Espinoza v. Montana, No. 18-1195.  Oral argument held January 22, 2020.


Oral argument for the Espinoza case shed little light on its outcome, although it did underscore that the Supreme Court justices hold divergent views on what is appropriate not only constitutionally, but with respect to addressing constitutional error.  

Justice Ginsburg intimated that the parents who brought suit have no taxpayer standing as they are not directly involved with the Montana tax credit in issue.  She further suggested that the state supreme court was not unreasonable in “leveling down,” or avoiding constitutional problems by dispensing with the scholarship program entirely.  

Justice Sotomayor signaled disdain for any state involvement in religion, pointing to history for support, much as others point to history for support for the opposite view, that the framers would abhor hostility toward religion but rather sought to guard against preferential government treatment for one faith over another.

Other justices asked how the circumstances of the Espinoza case would even conceivably be acceptable if the issue were race rather than religion. Justice Alito reminded counsel that it is not really possible to overlook the coincidence of the enactment of Blaine Amendments with the wave of immigration that accompanied the Irish potato famine. 

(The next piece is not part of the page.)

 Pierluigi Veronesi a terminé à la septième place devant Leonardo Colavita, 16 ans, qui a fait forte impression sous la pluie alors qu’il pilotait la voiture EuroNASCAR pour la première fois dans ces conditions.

Justice Breyer noted that there is no Establishment Clause respecting race, demolishing the “no distinction” point of view respecting race and religion.  The justice likewise worried about how a determination that the state might permissibly be involved in religion by means of the tax credit would impact subsequent funding decisions.  His principal worry seemed to be that a determination that religion could not be excluded would compel inclusion of religion in all state funding.  

Justice Kagan, noting her joinder in the Trinity Lutheran decision, asked whether the Espinoza case was not distinguishable from Trinity LutheranTrinity Lutheran concluded that it is unconstitutional to preclude participation in neutral and generally available government programs because of religion.  In this case, she stated, religion is directly involved: the issue is payment of money to religious institutions.

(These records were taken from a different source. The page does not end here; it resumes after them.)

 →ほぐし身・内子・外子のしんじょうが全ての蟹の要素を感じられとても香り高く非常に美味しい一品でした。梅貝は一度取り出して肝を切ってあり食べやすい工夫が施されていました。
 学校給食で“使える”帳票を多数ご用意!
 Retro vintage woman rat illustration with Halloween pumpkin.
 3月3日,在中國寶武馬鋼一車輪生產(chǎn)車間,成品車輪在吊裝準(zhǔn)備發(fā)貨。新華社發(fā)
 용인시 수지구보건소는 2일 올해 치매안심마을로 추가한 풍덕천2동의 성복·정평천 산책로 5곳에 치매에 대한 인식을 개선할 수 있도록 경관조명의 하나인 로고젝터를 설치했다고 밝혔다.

Justice Gorsuch interjected for clarity the question whether a federal court may aptly intervene where a state court has made an error under federal law, intimating that the question whether the state court error was active or passive is a red herring.

The Chief Justice questioned the role of intent in discrimination cases, suggesting, without more, that there may be some relevance for Espinoza. Thee Chief Justice cited a 1977 case holding that an ordinance with discriminatory impact was nonetheless constitutional because its enactment was without discriminatory intent.  

There are no certainties in the law, but it is not irrational to speculate that there will be no unanimity in any determination the court makes. The divergence in thought will not unlikely be reflected in a multiplicity of opinions.